Kenny Ng Kwok-kwan (吳國坤) is a Hong Kong film scholar specializing in film censorship. He is currently an associate professor at the Hong Kong Baptist University.

== Early life and education ==
Ng obtained a Bachelor of Arts in English literature from the Chinese University of Hong Kong in 1991 and a Master of Philosophy in humanities from the Hong Kong University of Science and Technology in 1996. During his studies in Hong Kong, he was mentored by literary scholar William Tay. He then pursued doctoral studies in the United States, enrolling in the University of Washington from 1997 to 1999, but did not complete his degree.
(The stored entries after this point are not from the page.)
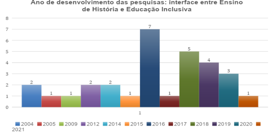 Além disso, nos chama atenção o fato de que as pesquisas sobre ensino e formação docente no atendimento educacional especializado, no campo da História, foram publicadas com maior intensidade a partir do ano de 2016 (Gráfico 2), o qual demarca a decorrência de um ano após a publicação da Lei Brasileira de Inclusão da Pessoa com Deficiência.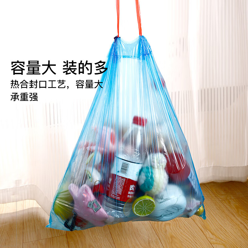 【精选好物】抽绳手提式垃圾袋 加厚家用垃圾分类自动收口厨余垃 3卷45只 随机色【加厚】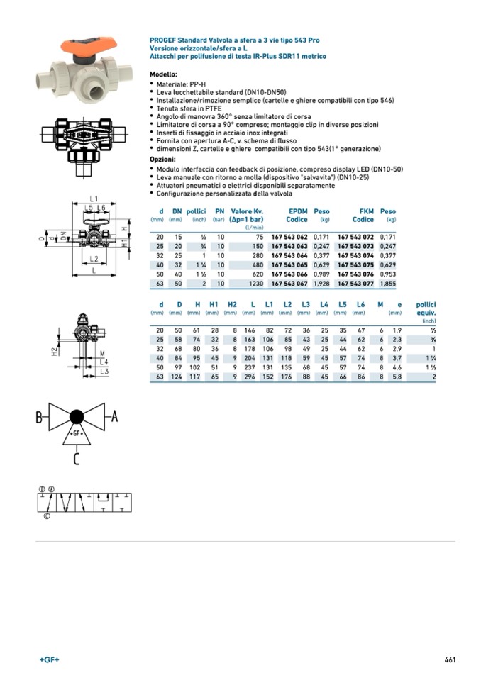 PROGEF Standard Valvola a sfera a 3 vie tipo 543 Pro

He then studied modern Chinese literature at Harvard University, earning a Doctor of Philosophy in East Asian studies in 2004. His dissertation focused on Chinese novelist Li Jieren, whose works were marginalized in the 1930s but gained recognition from the Chinese Communist Party in the 1950s.

== Career ==
Ng served as an assistant professor at the Hong Kong University of Science and Technology from 2004 to 2014. After completing his PhD, he dedicated several years to expanding his dissertation into a book, collecting additional material on Li Jieren's life through field research in his hometown. The reworked book was published in 2015 as The Lost Geopoetic Horizon of Li Jieren: The Crisis of Writing Chengdu in Revolutionary China. Sinologist Sebastien Veg praised the book as "the most engaging kind of doctoral research" and "persuasively argues that the main reason why Li has been ignored by the mainstream"; while historian Yuehtsen Juliette Chung noted that the book "makes a significant contribution" to the study of politics and culture in the People's Republic of China. Ng briefly taught at the Open University of Hong Kong and the City University of Hong Kong before joining the Academy of Film at Hong Kong Baptist University as an associate professor in 2017. His research primarily focuses on film censorship, including censorship during the British colonial period and after the Handover. In 2018, he co-edited Indiescape Hong Kong: Critical Interviews and Essays, a collection on Hong Kong cinema, with academics Enoch Tam and Vivian Lee.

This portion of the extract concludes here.